=== The problem ===
With the pictures left out, write out exactly the lines of the listing below that run from the line with "ワイルドなので何本か爪欠けあ" through the line with "Conception de l’identité".

=== Records provided ===
>>>>>
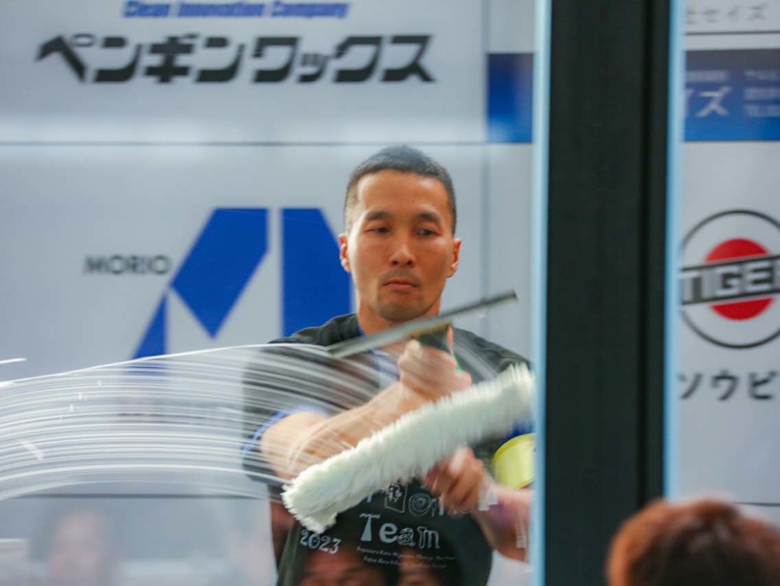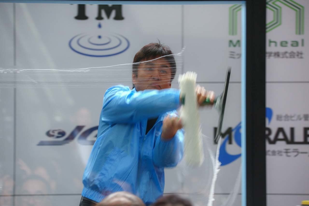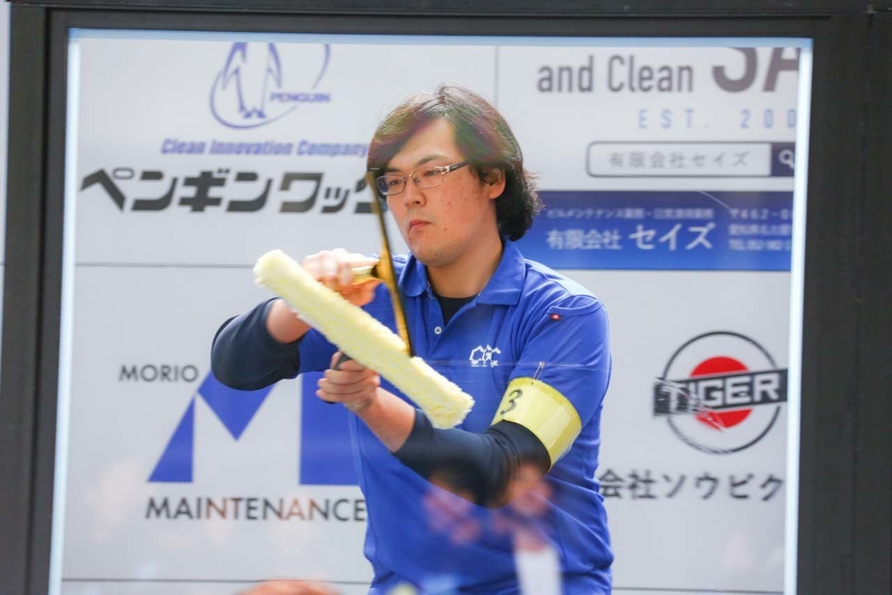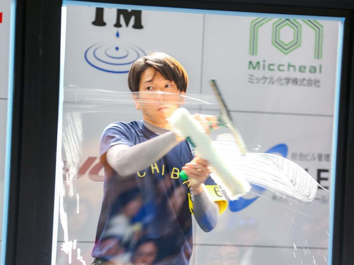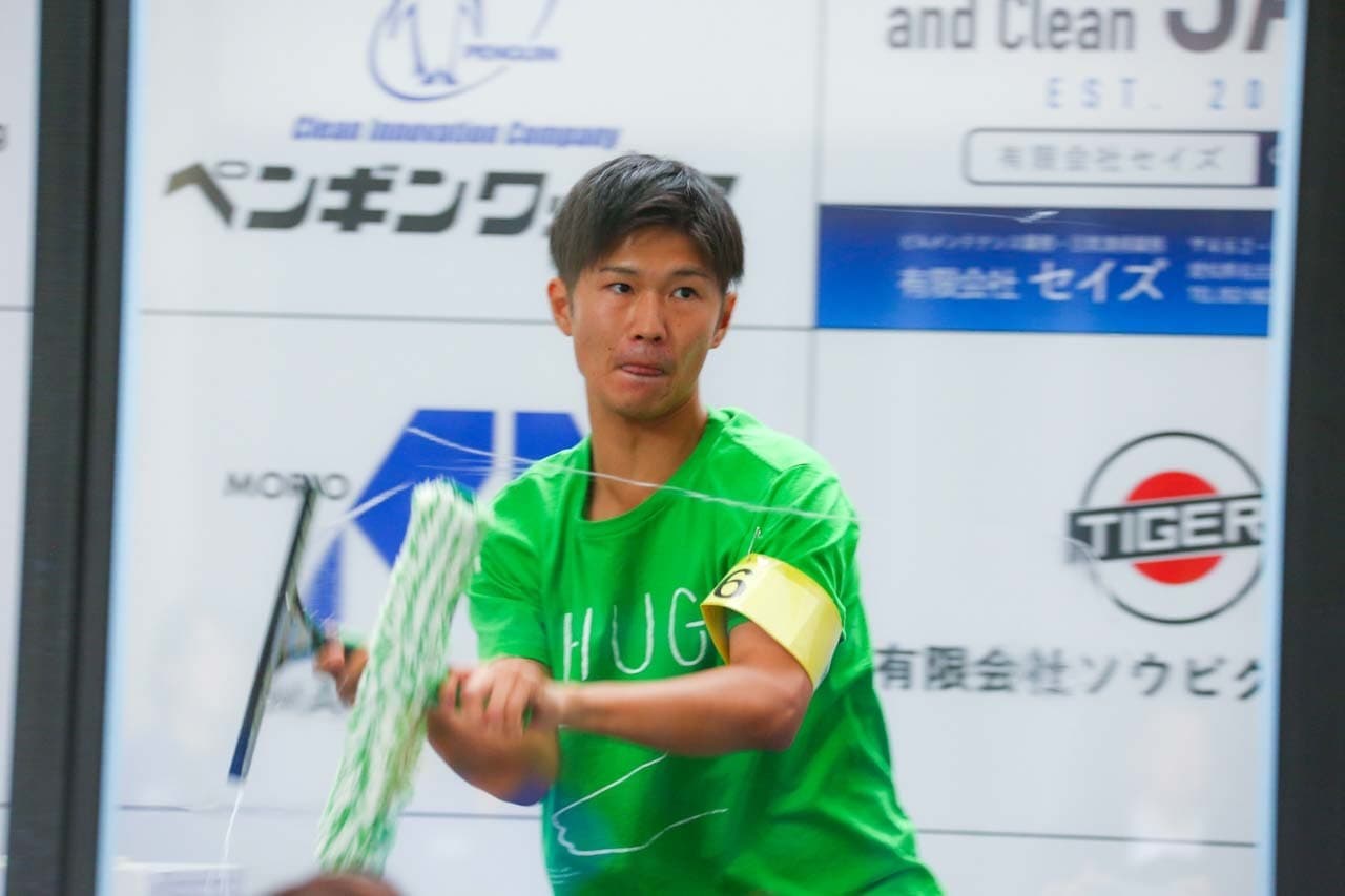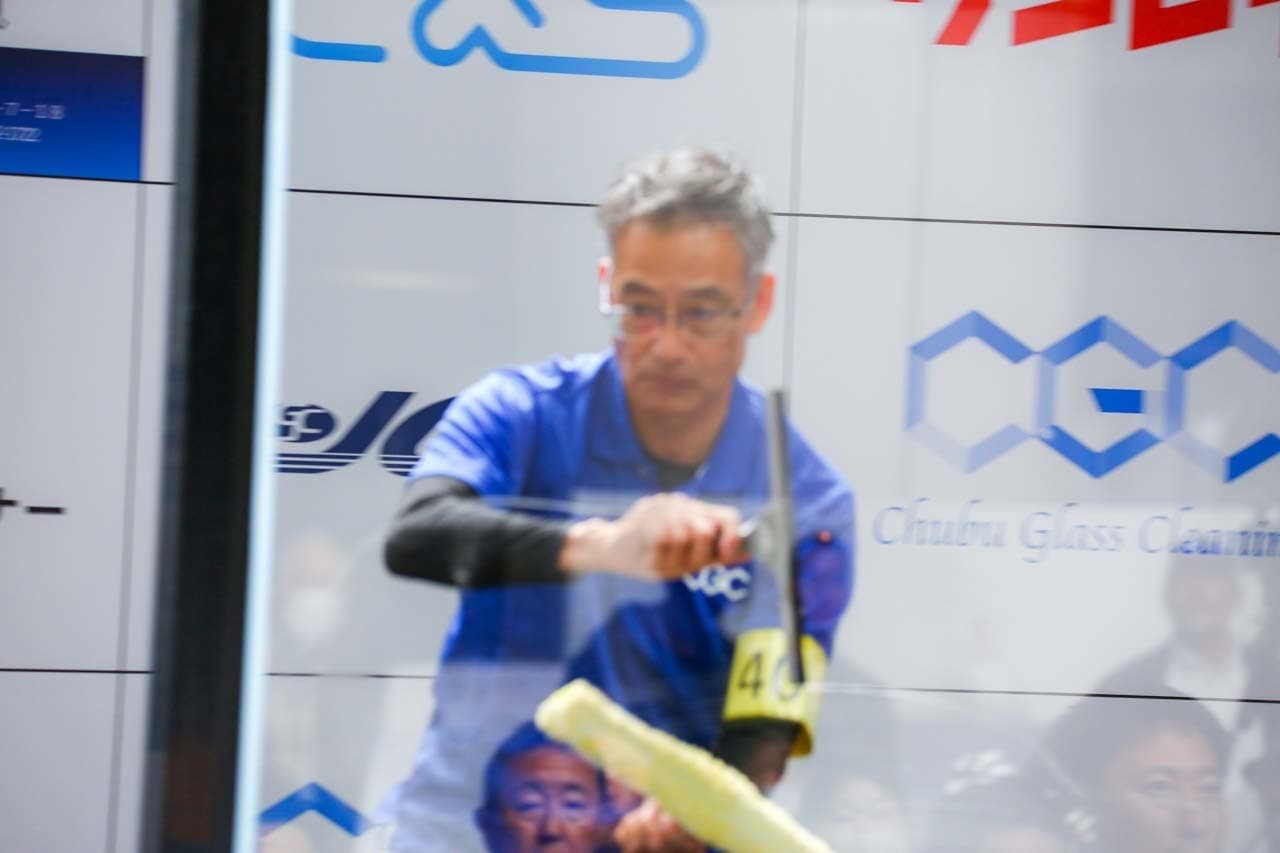 1040mm×1150mmの窓枠付き板ガラスを35cmのシャンプーと30cmのスクイージーを使用して、より早くよりきれいに拭き上げる技術を競います。
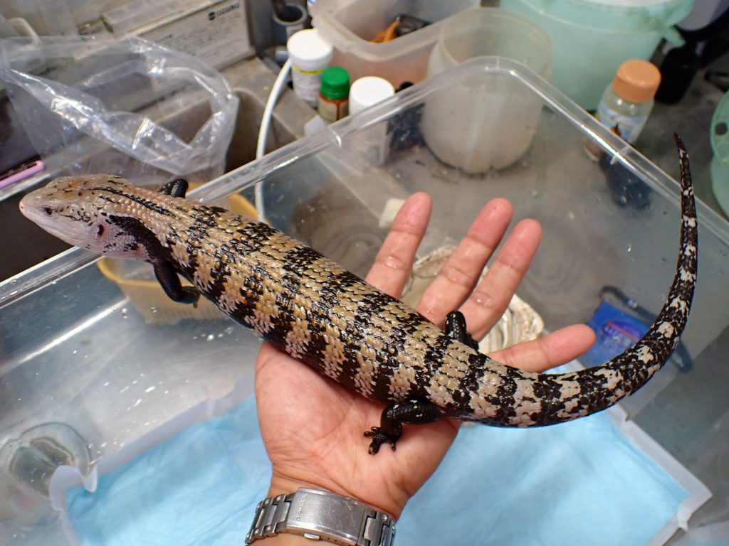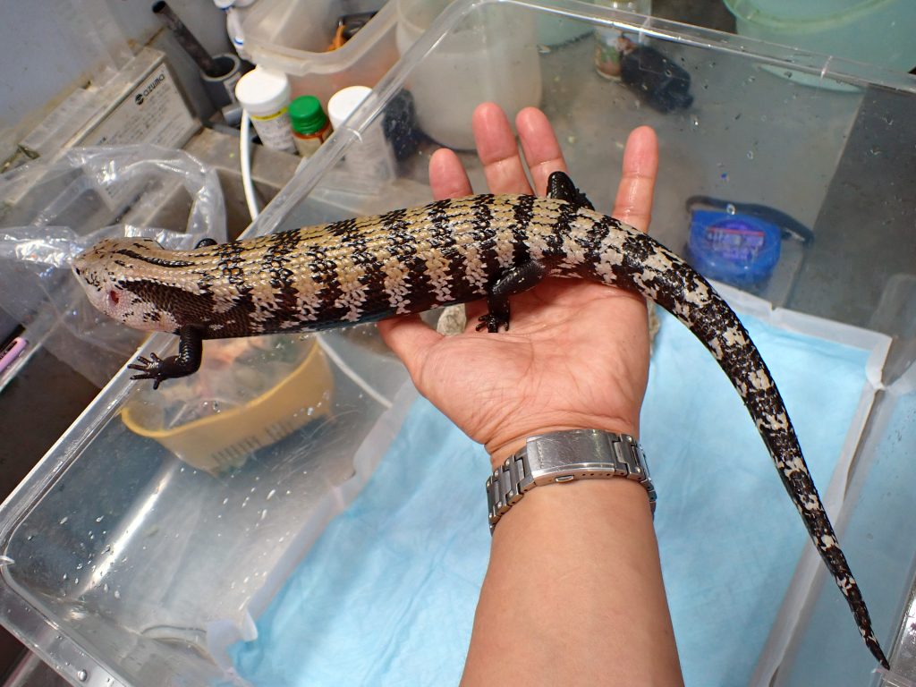 ワイルドなので何本か爪欠けありますが、指欠けは無いのでそんなに気にならないと思います。全体的にちょっと色の薄い個体で背中の茶色い部分もやや白っぽくなっています(画像だと分かりにくいですが、実物は画像よりも白っぽい感じです。)。もちろんアザンとかそういうのでは全然ないんですが、明るめな体色の個体で、舌の色もちょっと薄い感じで、舌先は青いけど元の方はピンク色です。特別な色変わりとかではないと思いますが、値段高くないですし気になる方は育ててみてください。
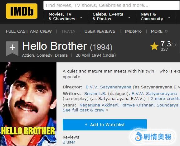 1994年,在港版《双龙会》上映2年后,印度就倒腾出了翻拍版的《Hello Brother》。
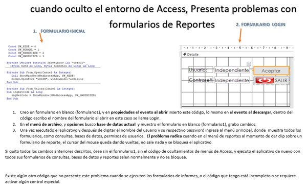 Tengo problemas cuando oculto los menús de access, con los formularios de reportes
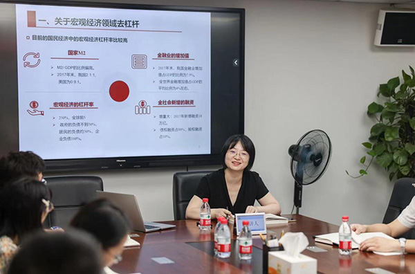 馮金華正在講解宏觀經濟。江北嘴管委辦供圖
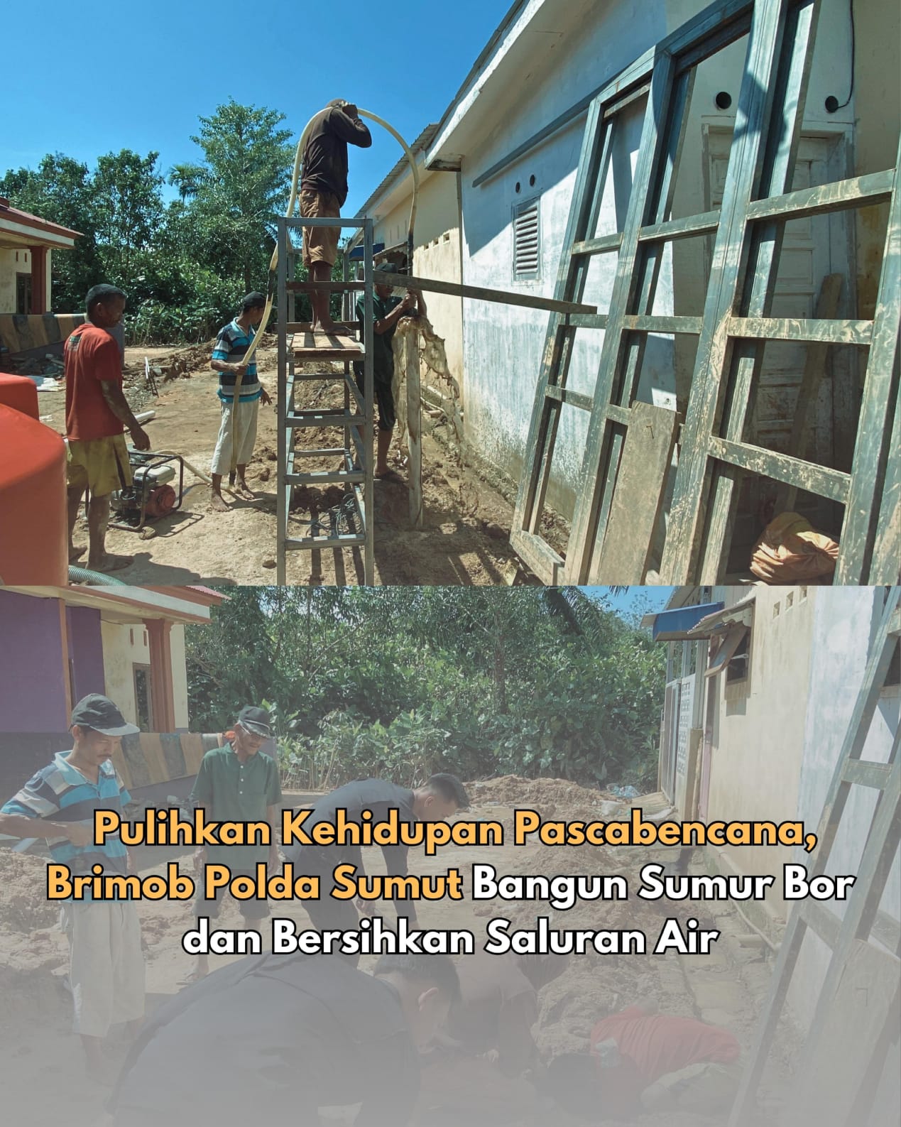 Sebagai wujud kepedulian dan kehadiran negara di tengah masyarakat pascabencana, personel Batalyon A Pelopor Satuan Brimob Polda Sumatera Utara melaksanakan kegiatan kemanusiaan berupa pembangunan fasilitas air bersih serta pemulihan saluran air di wilayah Kabupaten Tapanuli Tengah, Minggu (11/1/2026).
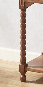 バーリー・ツイストも、バーリーシュガー・ターンに似たデザインで、太いねじりが特徴。オーク材などの重い木材との相性が抜群で、堂々とした存在感を放ちます。チェアの脚やテーブルの支柱部分に多く使われ、目立つ場所でその魅力を発揮します。
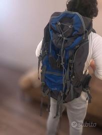Affare per il trekking e l’escursionismo: zaino 60 litri DF Mountain, modello Baltoro, blu e grigio.
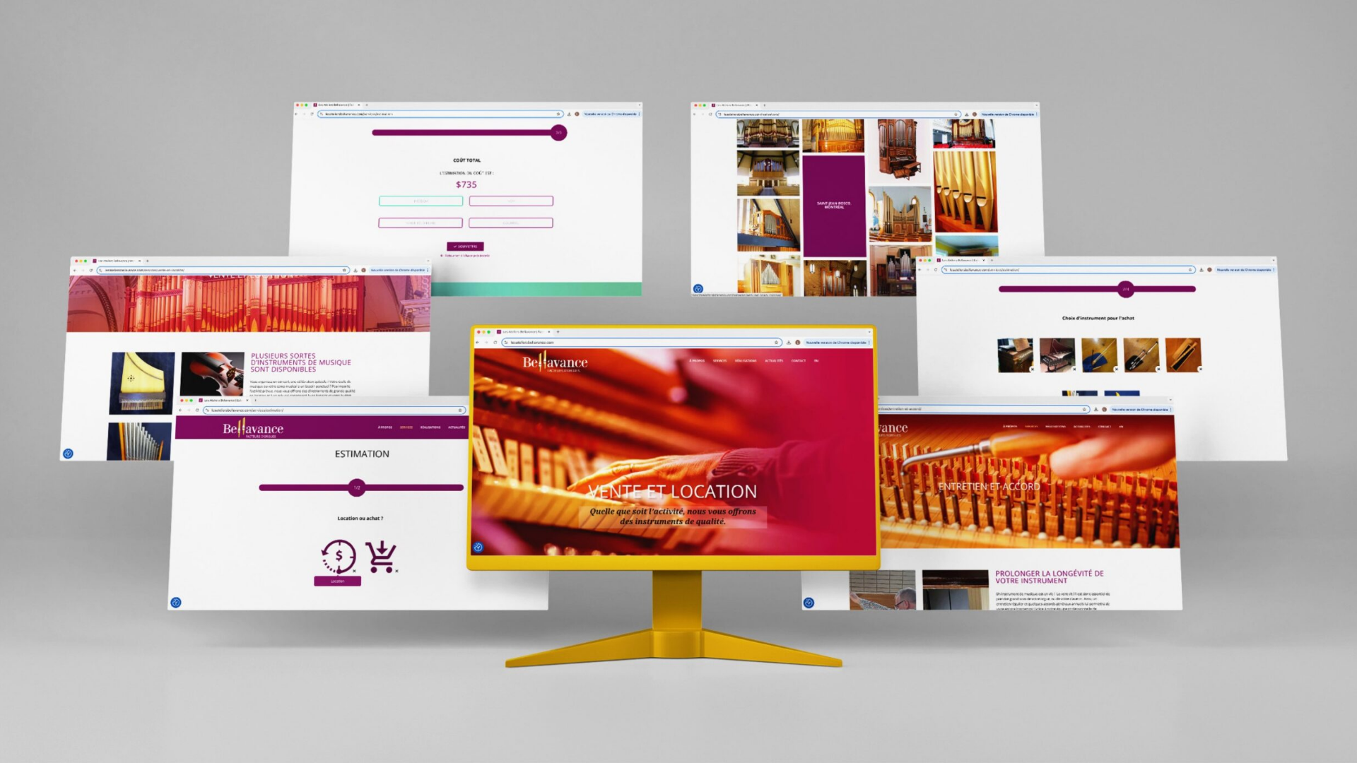 Conception de l’identité visuelle des Ateliers Bellavance, experts en construction et entretien d’orgues à tuyaux et de clavecins depuis plus de 20 ans. Notre mandat comprenait la création du logo, la conception et la programmation du site web ainsi que le développement de divers outils de communication. Cette identité visuelle traduit le savoir-faire artisanal et l’excellence de l’entreprise, affirmant son positionnement auprès des passionnés et professionnels du milieu.
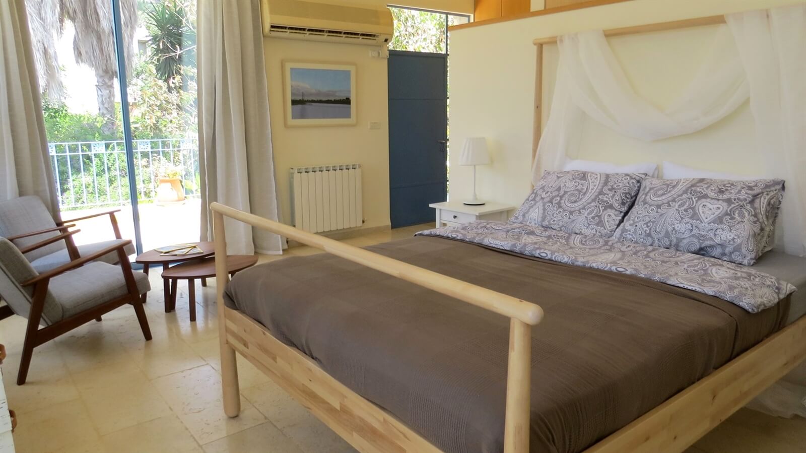 - מיטה זוגית, פינת ישיבה עם שולחנות קפה
<<<<<
=== Task solution ===
 ワイルドなので何本か爪欠けありますが、指欠けは無いのでそんなに気にならないと思います。全体的にちょっと色の薄い個体で背中の茶色い部分もやや白っぽくなっています(画像だと分かりにくいですが、実物は画像よりも白っぽい感じです。)。もちろんアザンとかそういうのでは全然ないんですが、明るめな体色の個体で、舌の色もちょっと薄い感じで、舌先は青いけど元の方はピンク色です。特別な色変わりとかではないと思いますが、値段高くないですし気になる方は育ててみてください。
 1994年,在港版《双龙会》上映2年后,印度就倒腾出了翻拍版的《Hello Brother》。
 Tengo problemas cuando oculto los menús de access, con los formularios de reportes
 馮金華正在講解宏觀經濟。江北嘴管委辦供圖
 Sebagai wujud kepedulian dan kehadiran negara di tengah masyarakat pascabencana, personel Batalyon A Pelopor Satuan Brimob Polda Sumatera Utara melaksanakan kegiatan kemanusiaan berupa pembangunan fasilitas air bersih serta pemulihan saluran air di wilayah Kabupaten Tapanuli Tengah, Minggu (11/1/2026).
 バーリー・ツイストも、バーリーシュガー・ターンに似たデザインで、太いねじりが特徴。オーク材などの重い木材との相性が抜群で、堂々とした存在感を放ちます。チェアの脚やテーブルの支柱部分に多く使われ、目立つ場所でその魅力を発揮します。
Affare per il trekking e l’escursionismo: zaino 60 litri DF Mountain, modello Baltoro, blu e grigio.
 Conception de l’identité visuelle des Ateliers Bellavance, experts en construction et entretien d’orgues à tuyaux et de clavecins depuis plus de 20 ans. Notre mandat comprenait la création du logo, la conception et la programmation du site web ainsi que le développement de divers outils de communication. Cette identité visuelle traduit le savoir-faire artisanal et l’excellence de l’entreprise, affirmant son positionnement auprès des passionnés et professionnels du milieu.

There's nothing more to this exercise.